The Corpus: EuroCoAT (the European Corpus of Academic Talk)
EuroCoAT NOW AVAILABLE ONLINE!!
The research team is happy to announce that interested researchers may now access the 58,834-word corpus of office hours’ consultations carried out in English at five different universities in Europe. The transcripts may be downloaded as PDF, XML or txt. Contact us to register!
HOW TO CITE THE CORPUS (EuroCoAT: the European Corpus of Academic Talk)
Recommended citation for EuroCoAT:
MacArthur, F.; Alejo, R.; Piquer-Piriz, A.; Amador-Moreno, C.; Littlemore, J.; Ädel, A.; Krennmayr, T.; Vaughn, E. (2014) EuroCoAT. The European Corpus of Academic Talk. http://www.eurocoat.es.

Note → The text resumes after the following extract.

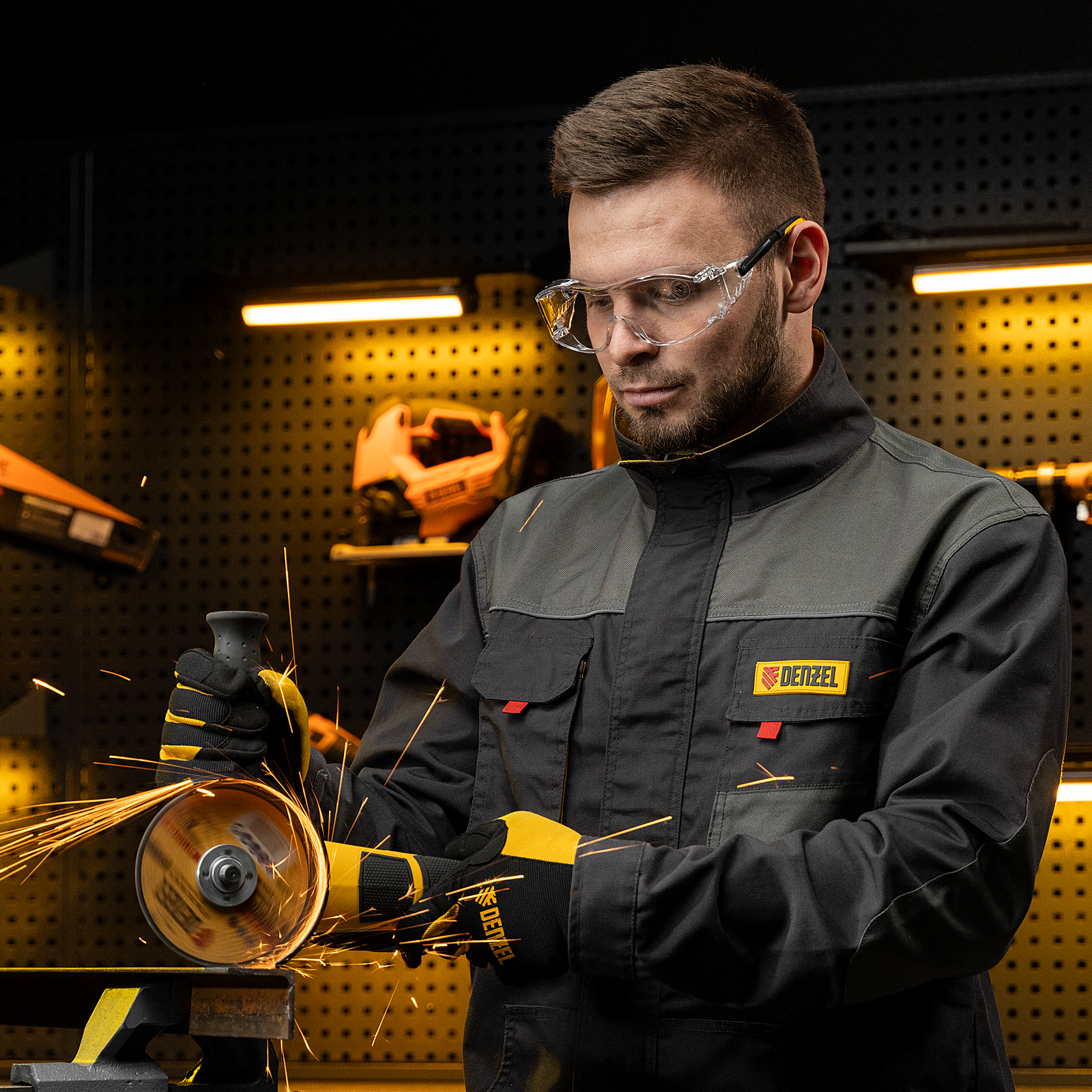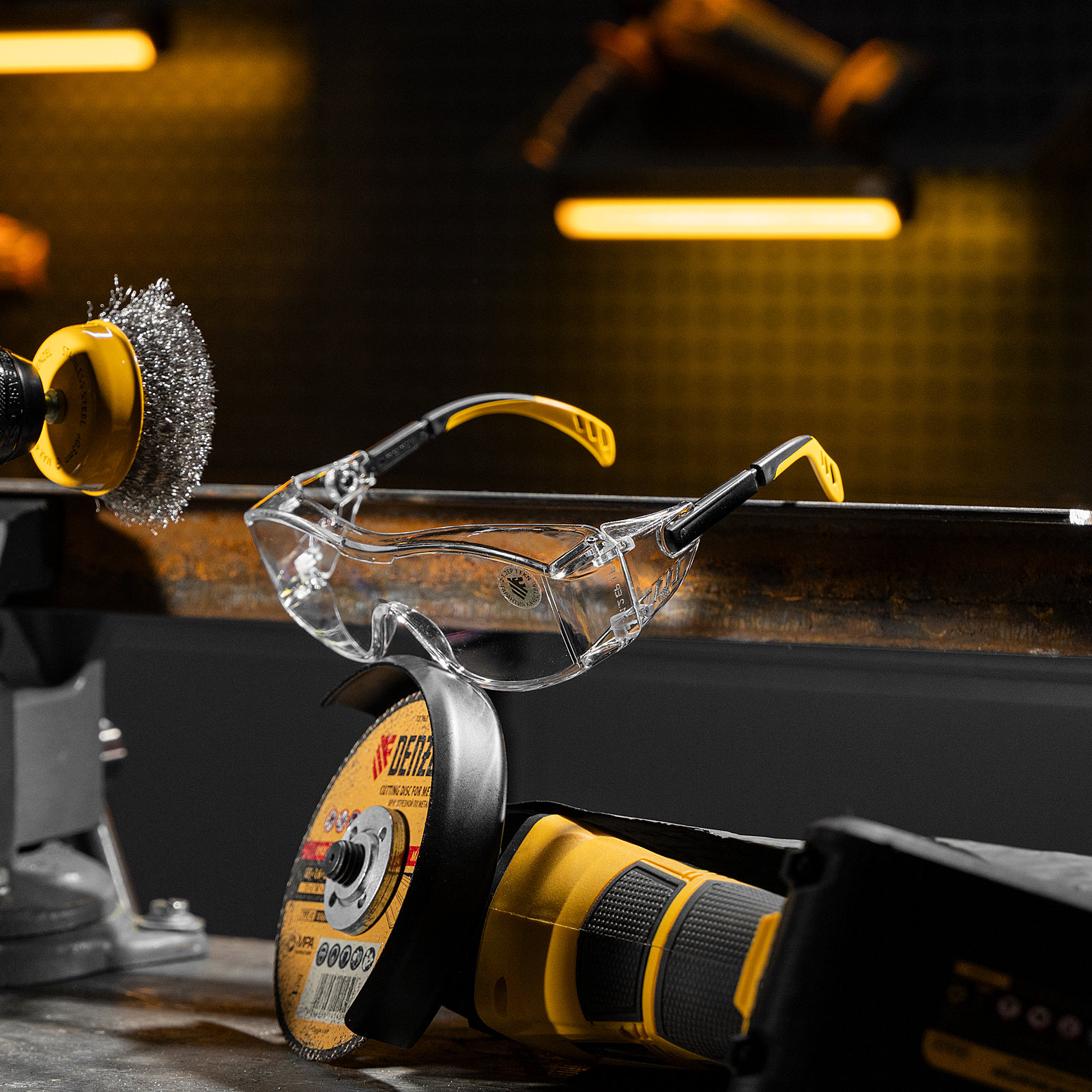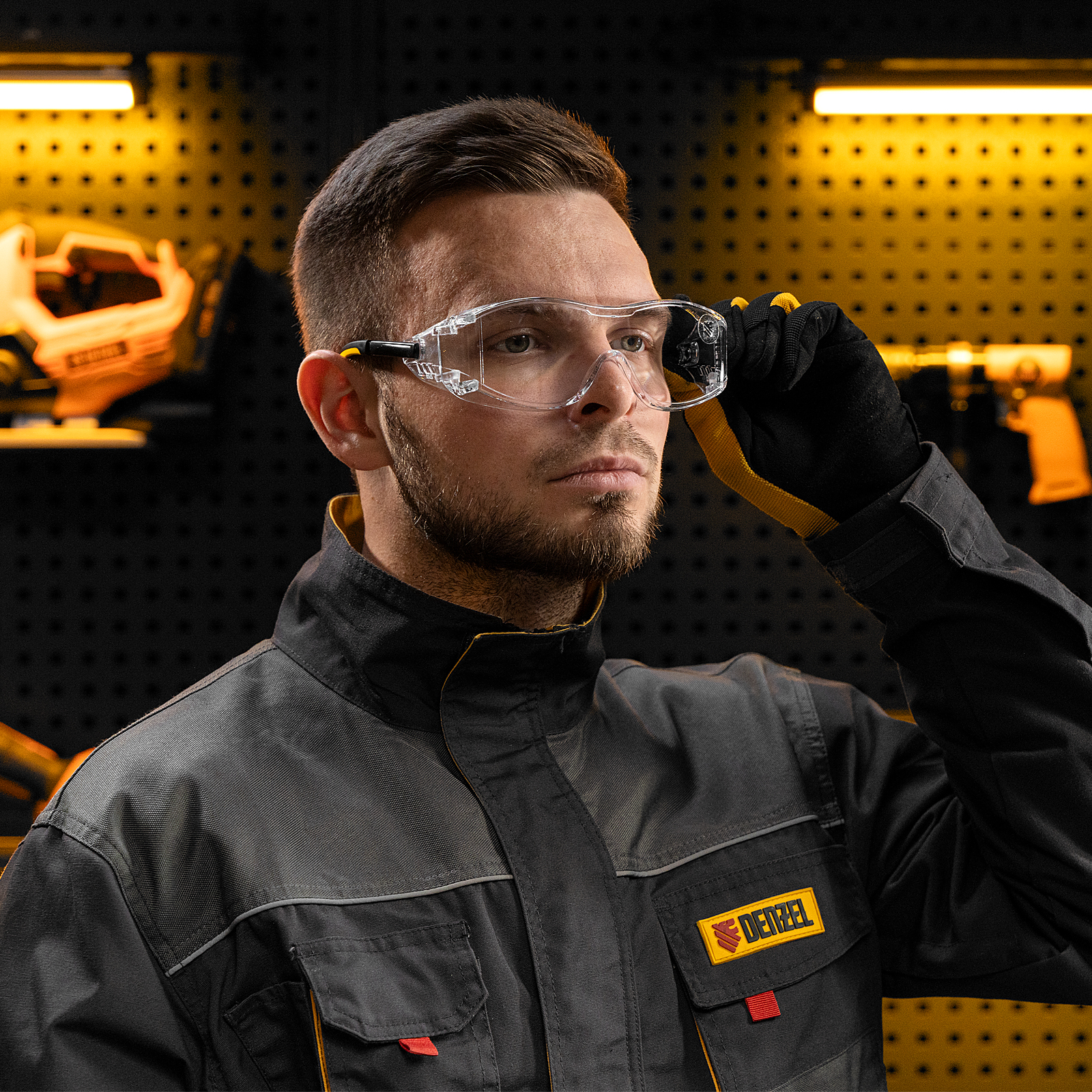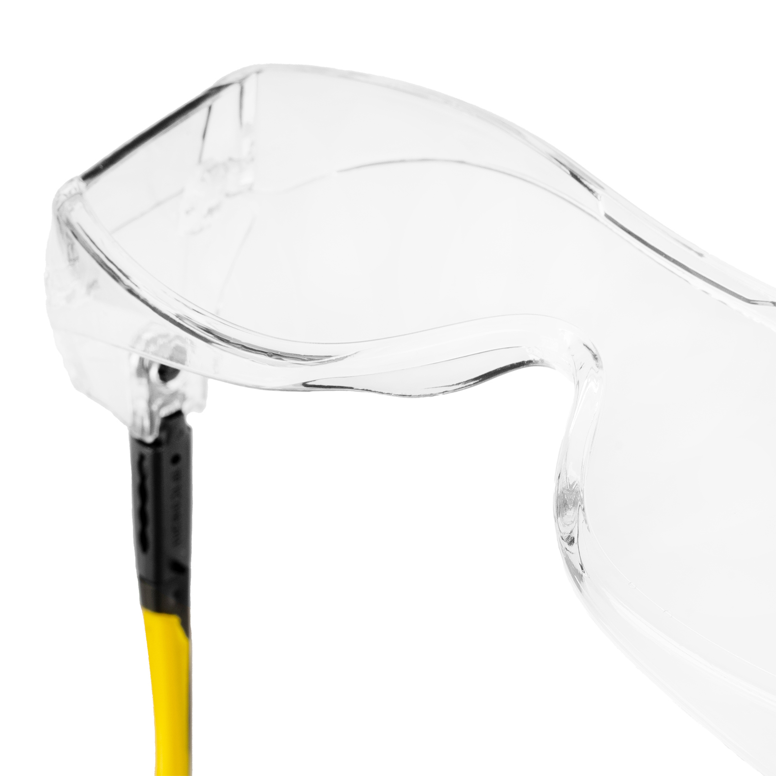 - Продуманная конструкция — особая форма линз обеспечивает боковую и надбровную защиту, а также позволяет носить защитные очки вместе с коррригирующими.

GENERAL INFORMATION ABOUT THE CORPUS
Each of the 27 transcripts is accompanied by a document (“Contextual Information”). In each, the following information is provided:
1. Participants' background information (Lecturers & Students)
2. Topics covered
3. On-stage effect
4. Positioning of participants
5. General observations
The system of transcription used in the current project is based on the following systems developed by researchers at the Vienna-Oxford International Corpus of English (VOICE):
- VOICE Project. 2007. "Mark-up conventions". VOICE Transcription Conventions [2.1]. http://www.univie.ac.at/voice/documents/VOICE_mark-up_conventions_v2-1.pdf (date of last access 04/06/2013).
- VOICE Project. 2007. "Spelling conventions". VOICE Transcription Conventions [2.1]. http://www.univie.ac.at/voice/documents/VOICE_spelling_conventions_v2-1.pdf (date of last access 04/06/2013).
However, there are some differences between the transcription and annotation systems used in VOICE and in EuroCOAT. Further details are explained in the following document:
SPELLING AND MARK-UP CONVENTIONS
The specific details on the spelling and mark-up conventions used in the transcripts can be found by clicking on the following links (or at the bottom of the section):
- The transcripts of the office hours’ consultations are organized in four columns, which record (from left to right) (1) the speech entry number (which does not necessarily correspond to a turn at talk, as in VOICE); (2) speaker identification (either the initials of the participants’ pseudonyms or R for ‘researcher’); (3) transcribed speech (4) time stamp (every 30 seconds) and word/fragment of speech at which it occurs.